3. Условия возможности смысла жизни
Постараемся прежде всего вдуматься, что это означает, "найти смысл жизни", — точнее, чего мы собственно ищем, какой смысл мы вкладываем в самое понятие "смысла жизни" и при каких условиях мы почитали бы его осуществлённым?
Под "смыслом"
Следовательно, условием подлинной, а не только относительной разумности жизни является не только, чтобы она разумно осуществляла какие-либо цели, но чтобы и самые цели эти, в свою очередь, были разумны.
Но что значит "разумная цель"? Средство разумно, когда оно ведёт к цели. Но цель — если она есть подлинная, последняя цель, а не только средство для чего-либо иного, — уже ни к чему не ведёт и потому не может расцениваться с точки зрения своей целесообразности. Она должна быть разумна в себе, как таковая. Но что это значит и как это возможно? На эту трудность — превращая её в абсолютную неразрешимость — опирается тот софизм, с помощью которого часто доказывают, что жизнь необходимо бессмысленна или что незаконен самый вопрос о смысле жизни. Говорят: всякое действие осмысленно, когда служит цели; но цель или — что как будто-то же самое — жизнь в её целом не имеет уже вне себя никакой цели: "жизнь для жизни мне дана". Потому либо надо раз навсегда примириться с роковой, из логики вещей вытекающей "бессмысленностью" жизни, либо же — что правильнее — надо признать, что сама постановка о смысле жизни незаконна, что этот вопрос принадлежит к числу тех, которые не находят себе разрешения просто в силу своей собственной внутренней нелепости. Вопрос о "смысле" чего-либо имеет всегда относительное значение, он предполагает "смысл" для чего-нибудь, целесообразность при достижении определённой цели. Жизнь же в целом никакой цели не имеет, и потому о "смысле" её нельзя ставить вопроса.

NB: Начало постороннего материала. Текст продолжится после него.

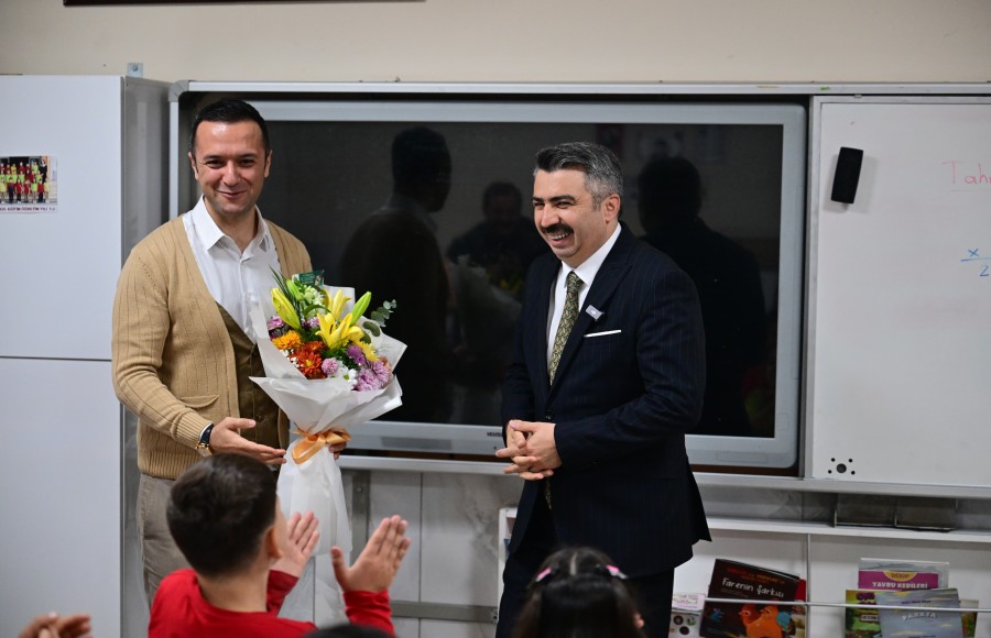 BURSA, 24 Kasım 2025 Pazartesi, 14:39Yıldırım Belediye Başkanı Oktay Yılmaz, 24 Kasım Öğretmenler Günü'nde Yıldırım'da görev yapan öğretmenleri unutmadı. Güne, Yunus Emre İlkokulu'nda başlayan Başkan Oktay Yılmaz, 4-L sınıfını ziyaret etti. Ders başladıktan sonra, kapıyı vurarak elindeki çiçekle sınıfa giren Başkan Yılmaz, öğretmen Gürkan Gökbudak ve öğrencilerine sürpriz yaptı. Çiçek verdiği Gürkan Gökbudak'ın öğretmenler gününü kutlayan Başkan Yılmaz, öğrencilerle de keyifli bir sohbet gerçekleştirdi. Ardından öğretmenler odasını ziyaret eden Başkan Oktay Yılmaz, bir araya geldiği öğretmenlere çiçek ve hediye vererek, öğretmenler gününü kutladı.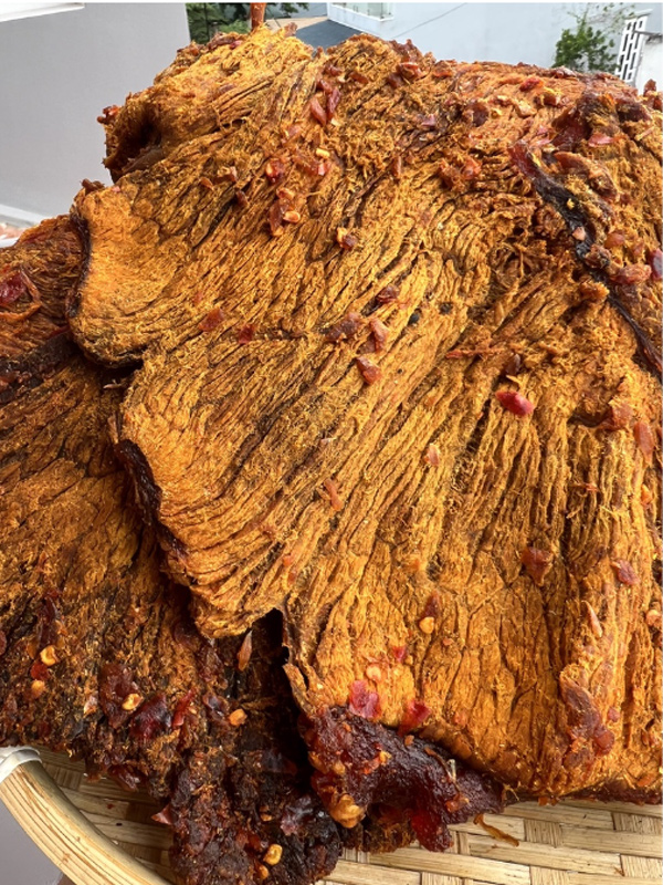 - Đặc điểm: Thịt nguyên tảng được lấy từ phần đùi của con bò, bên ngoài sấy khô nhưng khi xé ra sẽ cảm nhận được độ ẩm bên trong các thớ thịt.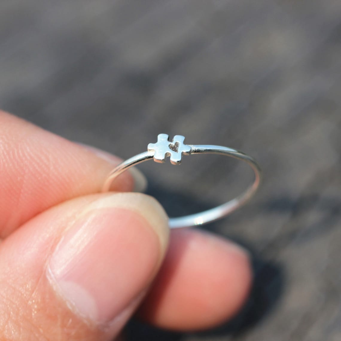 Autism Awareness Silver Dainty Puzzle Ring With Heart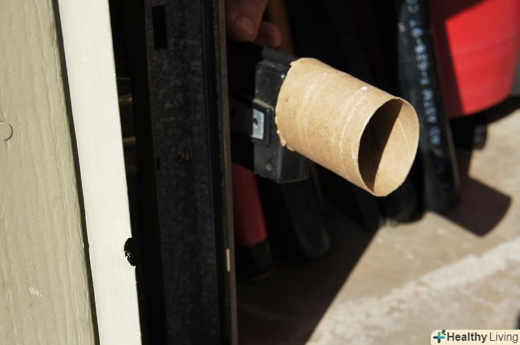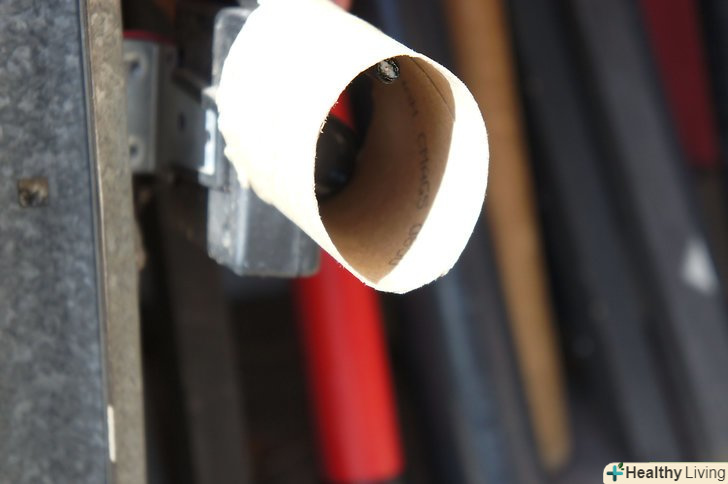 Використовуйте внутрішню трубку порожнього рулону туалетного паперу, святкової обгорткового паперу, поліетиленової плівки або будь-яку картонну трубу, що має відповідний розмір в діаметрі і досить гнучку, щоб можна було зігнути її в формі електричного очного датчика для дверей гаража. можливо, вам доведеться поекспериментувати з декількома розмірами трубок, поки не знайдете саме ту, яка буде щільно закріплена на датчику і в разі чого, не впаде.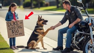 The man stopped his roaring bike when he saw her. A little girl, no older than seven, standing by the roadside. Her sign read, “Duke, good dog. $50 or best offer.” But it wasn’t the sign that broke him. It was her eyes. They were filled with hunger, fear, and something else. Desperation. The little girl’s voice was trembling.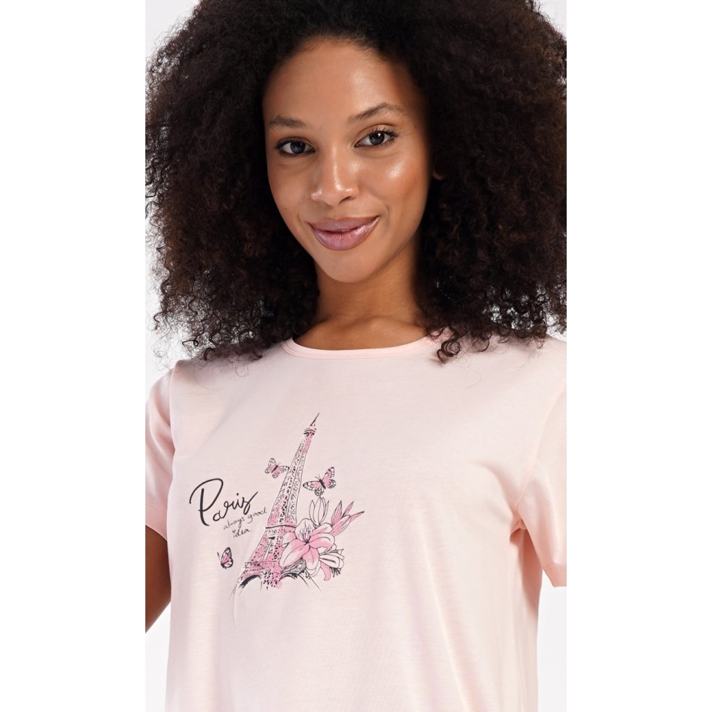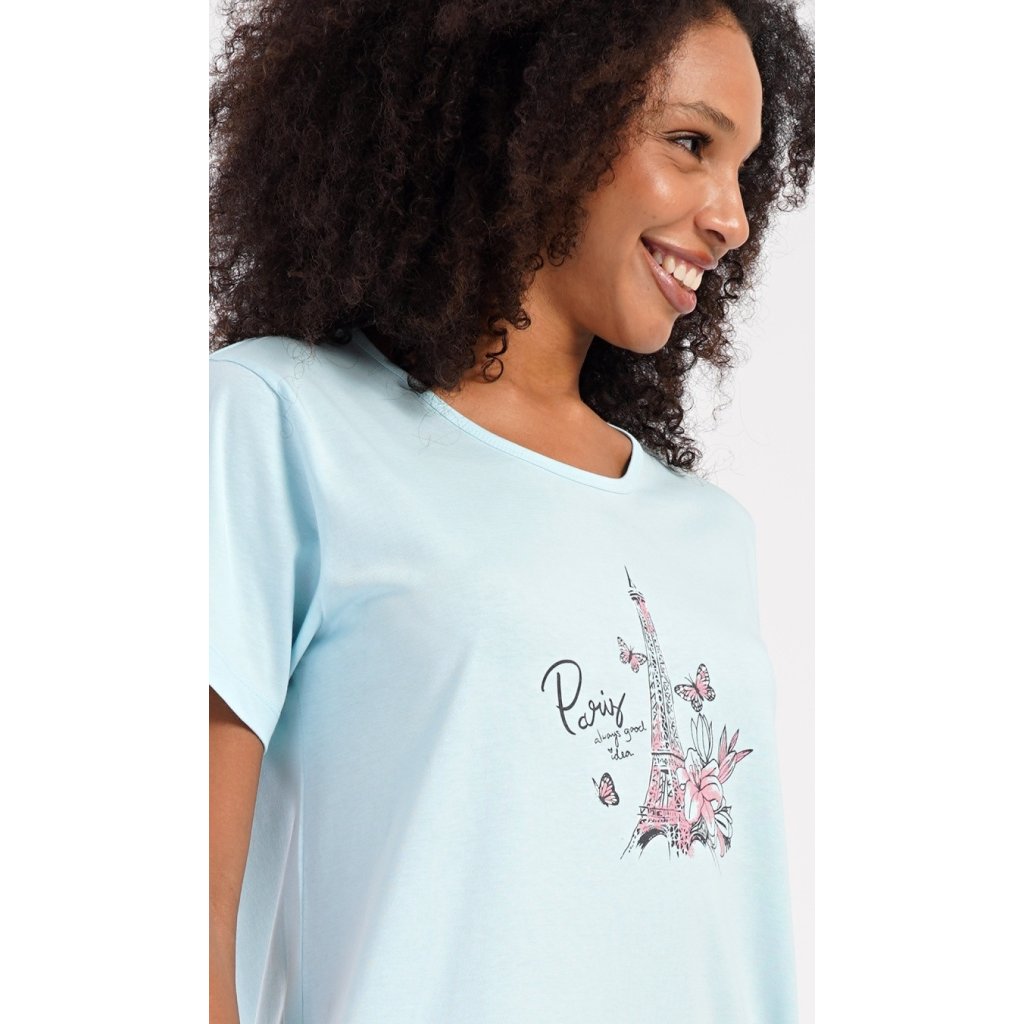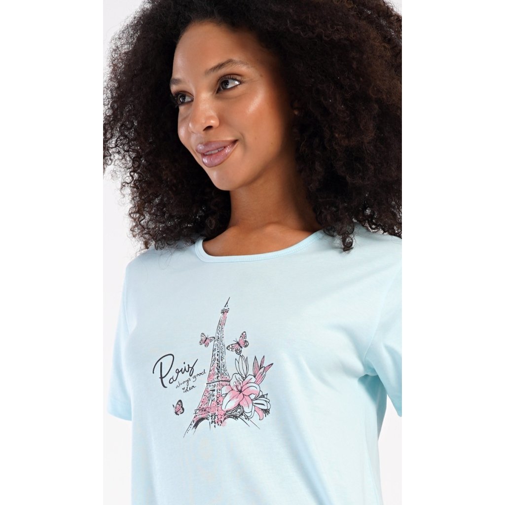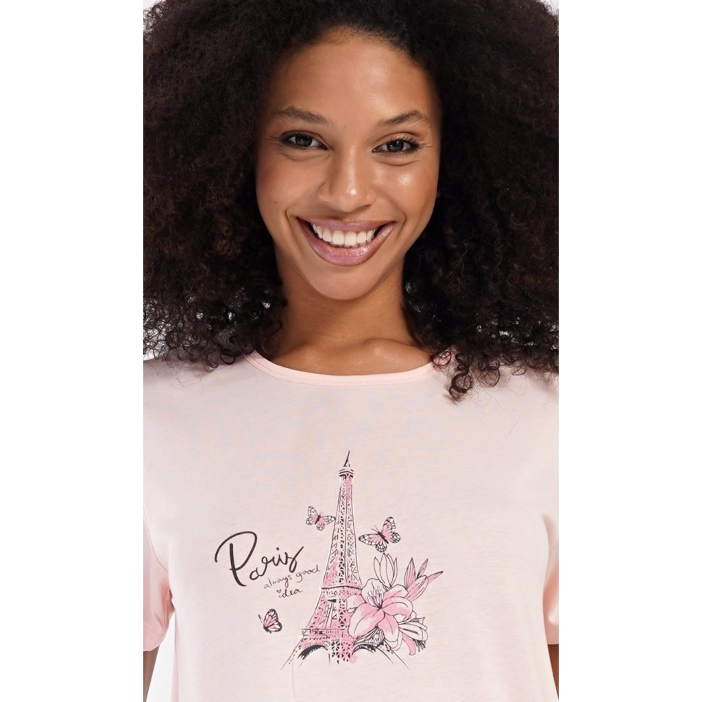 Dámské bavlněné domácí šaty s krátkým rukávem Paris. Domácí jednobarevné šaty s kulatým výstřihem a kapsami zdobí na hrudi obrázek Eiffelovy věže a nápis Paris. Použitý bavlněný materiál je příjemný a poddajný na dotek. Šaty jsou pohodlné, využijete je téměř při všech volnočasových aktivitách. Jsou vhodné na spaní i na denní nošení .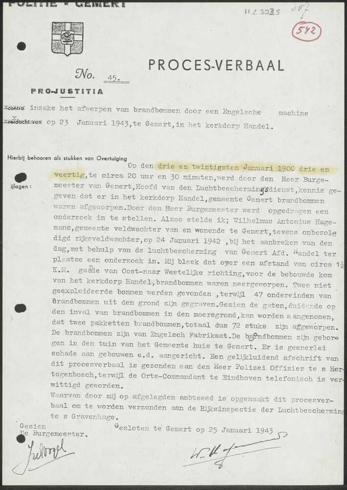 Proces-verbaal No. 45 Politie Gemert 25 januari 1943.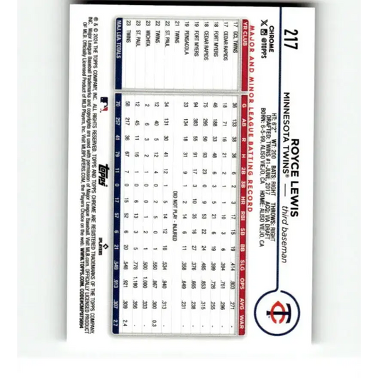 2024 Topps Chrome X-Fractor #217 Royce Lewis NM-MT Minnesota Twins Baseball Card

Как ни убедительно на первый взгляд это рассуждение, против него прежде всего инстинктивно протестует наше сердце; мы чувствуем, что вопрос о смысле жизни — сам по себе совсем не бессмысленный вопрос, и, как бы тягостна ни была для нас его неразрешимость или неразрешённость, рассуждение о незаконности самого вопроса нас не успокаивает. Мы можем на время отмахнуться от этого вопроса, отогнать его от себя, но в следующее же мгновение не "мы" и не наш "ум" его ставит, а он сам неотвязно стоит перед нами, и душа наша, часто со смертельной мукой, вопрошает: "для чего жить?".
Очевидно, что наша жизнь, простой стихийный процесс изживания её, пребывания на свете и сознания этого факта, вовсе не есть для нас "самоцель". Она не может быть самоцелью, во-первых, потому, что, в общем, страдания и тягости преобладают в ней над радостями и наслаждениями, и несмотря на всю силу животного инстинкта самосохранения мы часто недоумеваем, для чего же мы должны тянуть эту тяжёлую лямку. Но и независимо от этого, она не может быть самоцелью и потому, что жизнь, по самому своему существу, есть не неподвижное пребывание в себе, самодовлеющий покой, а делание чего-то или стремление к чему-то; миг, в который мы свободны от всякого дела или стремления, мы испытываем как мучительно-тоскливое состояние пустоты и неудовлетворённости. Мы не можем жить для жизни; мы всегда — хотим ли мы того или нет — живём для чего-то. Но только в большинстве случаев это "что-то", будучи целью, к которой мы стремимся, по своему содержанию есть, в свою очередь, средство, и притом средство для сохранения жизни. Отсюда получается тот мучительный заколдованный круг, который острее всего даёт нам чувствовать бессмысленность жизни и порождает тоску по её осмыслению: мы живём, чтобы трудиться над чем-то, стремиться к чему-то, а трудимся, заботимся и стремимся — для того, чтобы жить. И, измученные этим кружением в беличьем колесе, мы ищем "смысла жизни" — мы ищем стремления и дела, которое не было бы направлено на простое сохранение жизни, и жизни, которая не тратилась бы на тяжкий труд её же сохранения.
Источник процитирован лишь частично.